Impact of land-use types on nitrate concentration and δN in unconfined groundwater in rural areas of Korea

An understanding of the long-term changes in the nitrate contamination pattern of unconfined groundwater is critical to conservation of drinking water in rural areas supporting mixed land-use activities such as cropping, livestock farming, and residence. To examine the effect of different land-use activities on nitrate contamination, groundwater samples were collected monthly for 3 years (1997–1999) from 12 wells in rural areas with different land-use activities and analyzed for the concentrations and N isotopic ratios (δ¹⁵N) of nitrate. The characteristics of nitrate contamination clearly differed with land-use activities. The percentages of samples that had a nitrate concentration exceeding the national standard for drinking water (10 mg N L⁻¹) were 0, 23, 43, and 67% for the uncontaminated natural area, cropping area, cropping-livestock farming complex area, and residential area, respectively.
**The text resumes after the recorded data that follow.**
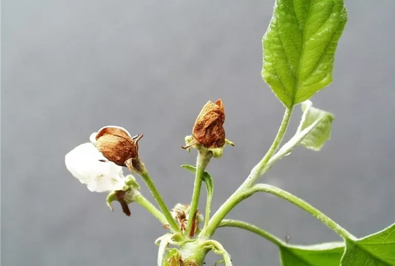 Ein Teil der Apfelblüten öffnet sich nicht. Sie bleiben im Ballonstadium stecken und vertrocknen. In diesen geschlossenen Blüten findet man eine gelbliche, fusslose Larve mit schwarzer Kopfkapsel oder die weissliche Puppe des Schädlings.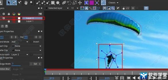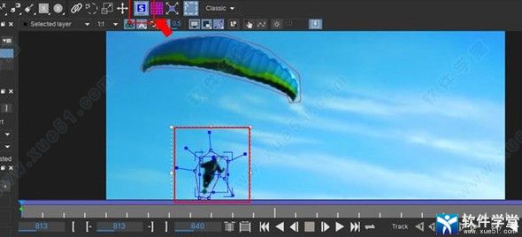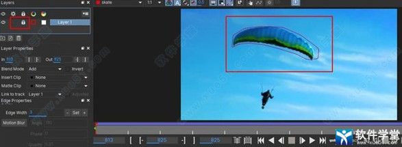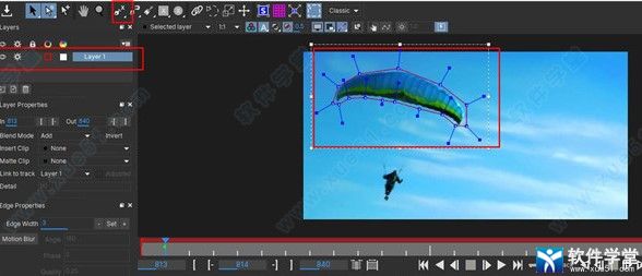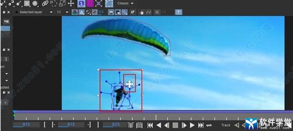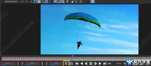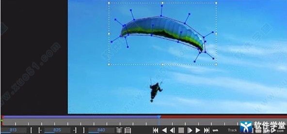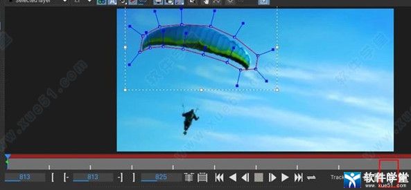 1、完成样条线的绘制后,可以使用时间轴控件指定跟踪的帧数范围。由于当前素材的帧数较多,我们选取了帧813-帧825的范围进行追踪。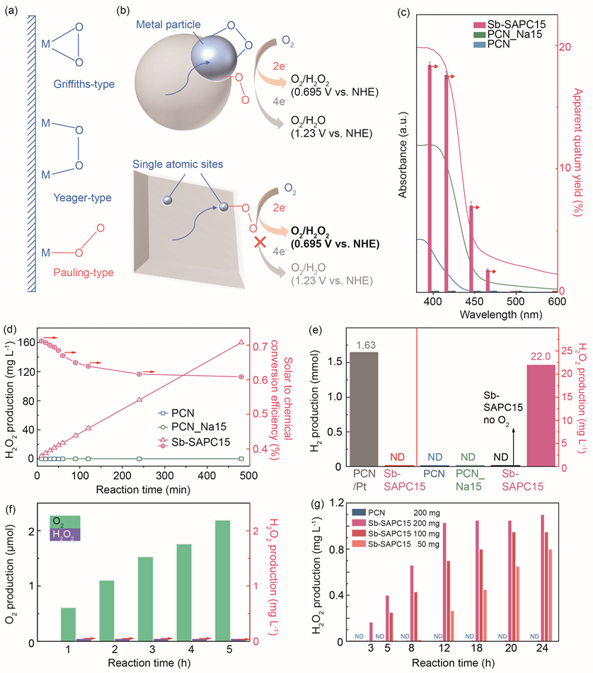 1.开发了一种Sb单原子光催化剂(Sb-SAPC),用于可见光照射下水和氧气混合物中通过光催化合成H2O2。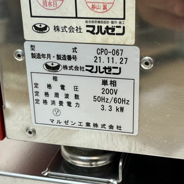 他の画像を見る 2021年製 マルゼン 電気ピッツァ窯 カリノ CPO-067 東京足立店 中古品 単相200V 定価 ¥ 957,000 のところ 販売価格 ¥ 473,000 税込 SOLD OUT W635xD725xH655(+800)商品ランク:A 詳細を見る お気に入りに登録する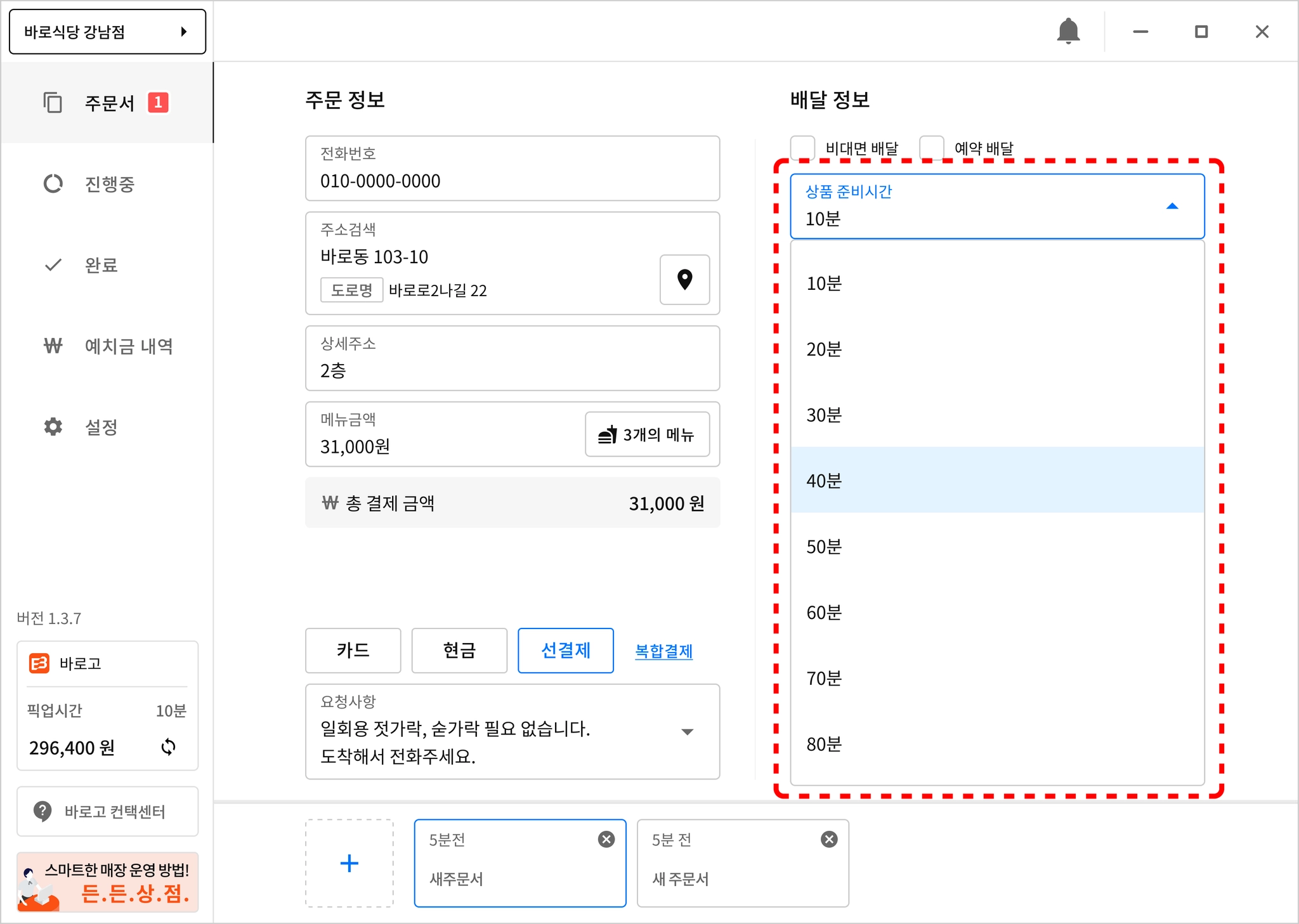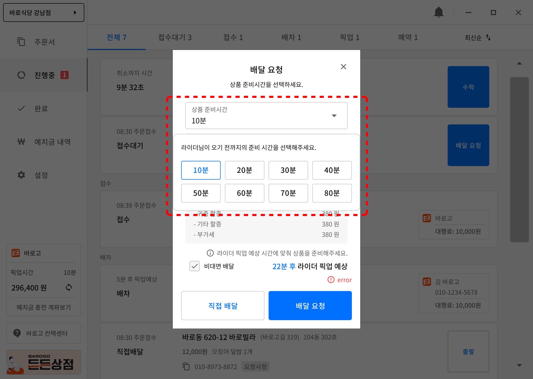 ❗️ 상품 준비 시간은 사장님이 상품을 준비하는데 필요한 시간입니다.

The range of δ¹⁵N values was between +1.4 and +4.5‰ for groundwater nitrate from the uncontaminated natural area. In the cropping area, the δ¹⁵N values were slightly different with the type of fertilizer applied to fields in the vicinity of the well, and the values ranged between +8.7 and +14.4‰ for the compost-applied area and between +4.5 and +8.5‰ for the area where urea was applied with compost. The δ¹⁵N values of the cropping-livestock farming complex area ranged from +1.0 to +17.7‰, probably resulting from mixed contamination sources (inorganic fertilizer and livestock manure). The well located closest to the livestock feedlot had relatively higher δ¹⁵N values, with a range between +8.7 and +17.6‰. In the residential area, a higher δ¹⁵N (most frequently above +10‰) of nitrate suggested that the major source of contamination was effluent from leaky septic tanks. Our data showed that unconfined groundwater is susceptible to land-use activities above the aquifers, and the impacts of the activities could be more precisely inferred from long-term data on the concentration and δ¹⁵N of nitrate. By determining the impacts, more effective (specific to contamination sources) measures for preventing groundwater quality could be implemented.